:: EXERCISE DIRECTIONS ::
After locating the line with "- root-context.xml에 정의된" below, output it and each following line exactly, stopping after the line with "Zusätzlicher Stauraum in". No pictures.

:: SUPPLIED DATA ::
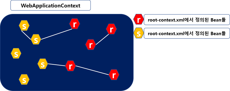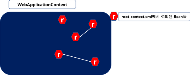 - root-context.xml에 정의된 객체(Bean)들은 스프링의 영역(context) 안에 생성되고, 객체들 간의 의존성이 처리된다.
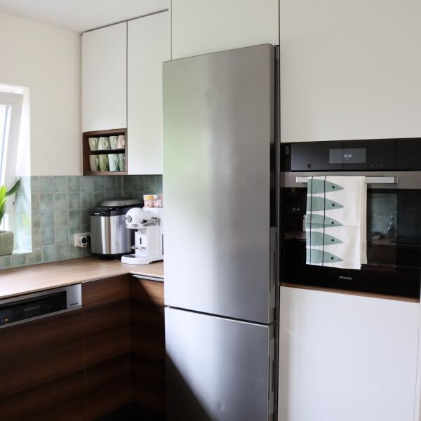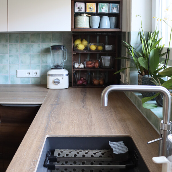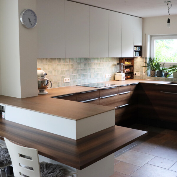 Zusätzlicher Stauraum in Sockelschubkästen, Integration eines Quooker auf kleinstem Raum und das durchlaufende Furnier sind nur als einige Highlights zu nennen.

---

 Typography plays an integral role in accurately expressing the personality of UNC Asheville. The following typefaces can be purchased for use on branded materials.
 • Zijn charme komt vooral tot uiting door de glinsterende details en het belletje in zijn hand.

* * *

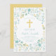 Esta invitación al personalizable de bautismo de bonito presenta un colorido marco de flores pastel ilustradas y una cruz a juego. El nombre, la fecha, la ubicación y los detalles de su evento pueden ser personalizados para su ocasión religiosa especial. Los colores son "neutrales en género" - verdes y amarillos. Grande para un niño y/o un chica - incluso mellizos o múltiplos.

:: WRITTEN SOLUTION ::
 - root-context.xml에 정의된 객체(Bean)들은 스프링의 영역(context) 안에 생성되고, 객체들 간의 의존성이 처리된다.
 Zusätzlicher Stauraum in Sockelschubkästen, Integration eines Quooker auf kleinstem Raum und das durchlaufende Furnier sind nur als einige Highlights zu nennen.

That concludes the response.